Без улыбки, без дергания и шуточек сидел дядя за столом, утопив руки в коленях, пристально и отчего-то виновато смотрел на меня. Думая, что это мой жалкий, бродяжий вид ввергает его в уныние, добавляет горечи и в без того потревоженную душу, я стал торопливо объяснять Васе, что скоро нам выдадут железнодорожное обмундирование, спецодежду, начнется практика, и пойдет усиленный паек. А в остальном все у меня хорошо. В комнатах общежития тепло и чисто, в каждой комнате плита, у каждого учащегося койка с одеялом, двумя простынями, с подушкой, пусть и стружкой набитой, но мы все равно спим на них крепко. Ребята в группе дружные. Мастер нам попался мировой, в карты я не играю, не ворую, не пью, не курю и покурил бы, да нечего. Словом, не стоит беспокоиться за меня, голова на плечах сидит крепко. «Не хвастливо ли вышло?» — спохватился я.
— Хорошо, — тихо и как бы издали произнес дядя Вася. — Хорошо, — повторил он громче. — Молодец, что поступил на железную дорогу. Я задержался на нем взглядом.
— Ты ешь, ешь, — подсунул он мне миску с галушками. — Выпить еще хочешь?
— Нет, мне больше не надо, — и подумал: может, я обижаю отказом дядю? Полагается же при прощании пить и плакать. — Мне еще на занятия. Пахнуть будет.

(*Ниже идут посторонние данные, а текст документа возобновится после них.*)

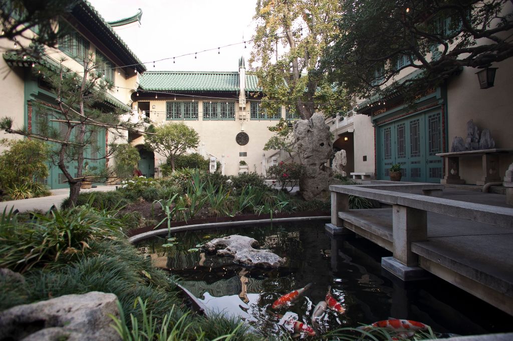 Enter its handsome arched entrance, however, and you will be transported to another place and time. The transformation is so unexpected it’s breathtaking. The charming courtyard garden with a koi pond, rock sculpture, and natural plantings reflecting the changing seasons, take center stage while a Chinese Qing dynasty-inspired mansion wraps around it. The Pasadena architectural firm of Marston Van Pelt and Maybury built it as a grand residence in 1924 to exact specifications from California transplant, Grace Nicholson, a pioneering art collector and entrepreneur from Philadelphia.

Вася покачал головой и тем же тусклым голосом произнес, обернувшись к раздаточному окну буфета и кому-то слабо улыбнувшись:
— Ешь вполсилы, пей вполпьяна, проживешь дополна, говаривал отец. — Подумал. — Прибауточник был тятя! — помолчал, глядя в стол: — Не все наше перенимай, много мы наболтали и нашумели. Главное — не пей… Постарайся…
Обдав окна паром и дымом, хукая трубой, мимо вокзала промчался паровоз, и я, панибратски на него поглядев, с гордостью знатока и «своего» на станции человека, сказал:
— Маневрушка.
— Хорошо, — повторил Вася. Это опять к тому, что буду работать на железной дороге и, стало быть, не попаду на войну.
«Ax ты, Сорока, Сорока! — загоревал я. — Уж лучше бы все наоборот. Выживать мне привычней».
Не знаю, угадал ли Вася ход моих нехитрых мыслей или время его кончилось, но он достал меня через стол рукою, сжал мое плечо и заговорил, глядя в сторону:
— Все мы… Радости знали, пожили, погуляли. — Крепче и крепче сжимая мое плечо, Вася пустился в напугавшую меня откровенность, винясь и мучаясь, что мог бы приструнить отца моего, деньгами мне помочь, одежонкой, и самуе бабушку из Сисима и деда утешить… да все недосуг было — и справедливо, воистину справедливо, что попал я на надежную службу — хватит, намаялся. И коли пустился на откровенность, выдал он и самое сокровенное:
— Я хотел последнего тебя видеть… понимаешь, тебя…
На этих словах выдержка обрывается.